Sejarah Singkat Perkembangan Al-hadist

Apabila kita pelajari dengan seksama suasana dan keadaaan-keadaan yang telah dilalui hadits sejak zaman tumbuhnya hingga dewasa ini, dapatlah kita menarik sebuah garis bahwa hadits Rasul sebagai dasar tasyri' yang kedua telah melalui enam masa dan sekarang menempuh periode ke tujuh.
  1. Masa pertama, ialah masa wahyu dan pembentukan hukum serta dasar-dasarnya dari permulaan Nabi dibangkitkan hingga beliau wafat pada 11 H(32 M)(13 S.H. sampai dengan 11 H atau 509 sampai dengan 632 M).
  2. Masa kedua, ialah masa membatasi riwayat, masa Khulafa Rasyidin(12 H sampai dengan 40 H) atau 633 sampai dengan 660 M).
  3. Masa ketiga, ialah masa berkembang riwayat dan perlawatan dari kota ke kota untuk mencari hadits, yaitu masa sahabat kecil dan tabi'in besar(41 H sampai dengan akhir abad pertama H atau 661 sampai dengan 717 M).
  4. Masa keempat, ialah masa pembukuan hadits(dari permulaan abad kedua H hingga akhirnya atau 718 sampai dengan 814 M).
  5. Masa kelima, ialah masa menshahihkan hadits dan menyaringnya(awal abad ketiga hingga akhirnya atau 816 sampai dengan 911 M).
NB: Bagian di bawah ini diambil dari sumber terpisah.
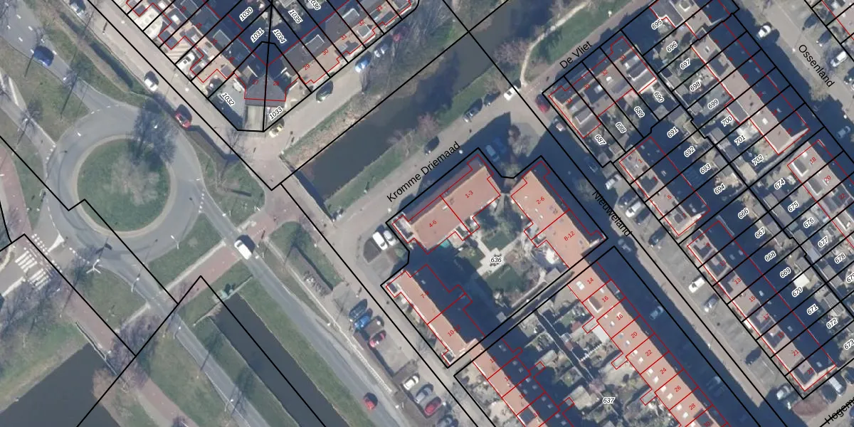 Het perceel waarop Kromme Driemaad 6 staat heeft een oppervlakte van 1502 m². Dit is een zeer groot perceel. De perceeloppervlakte wordt geregistreerd door het Kadaster. Gedetailleerde informatie over de maten van dit perceel kunt u vinden in het rapport Kadastrale kaart met maatvoering van Kromme Driemaad 6.

  6. Masa keenam, ialah masa menapis kitab-kitab hadits dan menyusun kitab-kitab jami' yang khusus; (dari awal abad keempat hingga jatuhnya Baghdad tahun 656 H atau 912 sampai dengan 1258 M).
  7. Masa ketujuh, ialah masa membuat syarat, membuat kitab-kitab takhrij, mengumpulkan hadits-hadits hukum dan membuat kitab-kitab jami' yang umum serta membahas hadits-hadits zawa-id; (656 H. hingga dewasa ini atau 1259 sampai dengan sekarang).
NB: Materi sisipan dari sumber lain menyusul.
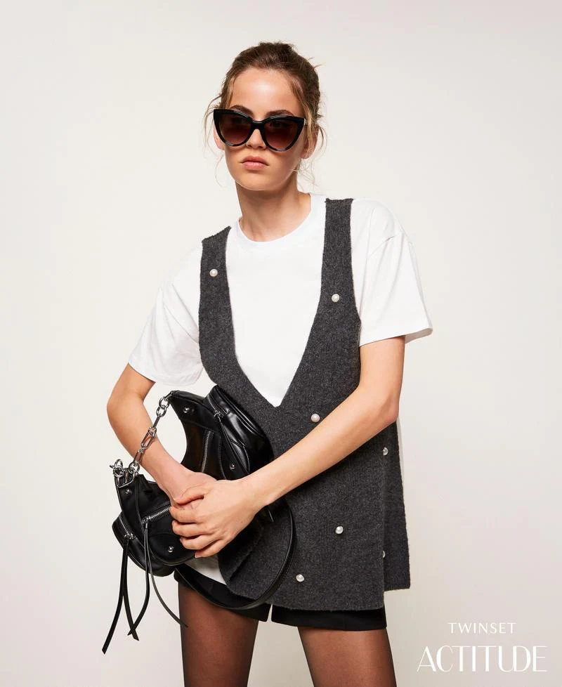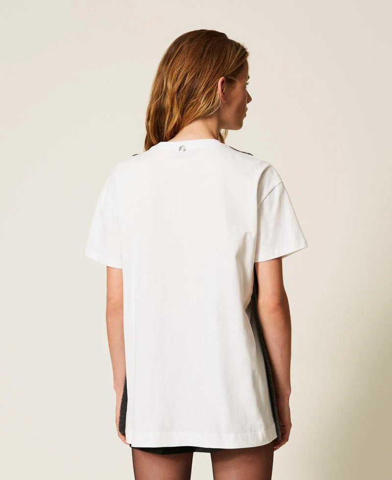 T-shirt Twinset Actitude, modello in maglia con applicazione perle, girocollo e placchetta logo sul retro

Pada masa Rasulullah SAW atau Al-hadits tidak diperintahkan untuk ditulis, bahkan beliau melarangnya, kecuali sahabat-sahabat tertentu yang diizinkan untuk catatan pribadi. Baru pada zaman Umar bin Abdul Aziz, khalifah ke-8 dari dinasti Bani Umayah(99 sampai dengan 101 H atau 717 sampai dengan 720 M) timbul inisiatif secara resmi untuk menulis dan membukukan hadits. Sebelumnya hadits-hadits itu hanya disampaikan melalui hafalan-hafalan para sahabat yang masih hidup pada generasi Tabi'in mencari atau mengumpulkan hadits-hadits itu.
Di antara Sahabat-sahabat itu ialah;
  1. Abu Hurairah(Bapak Kucing) (602 sampai dengan 678 M). Nama lengkapnya Abdur Rahman ibn Sakhr meriwayatkan sekitar 2630 buah hadits.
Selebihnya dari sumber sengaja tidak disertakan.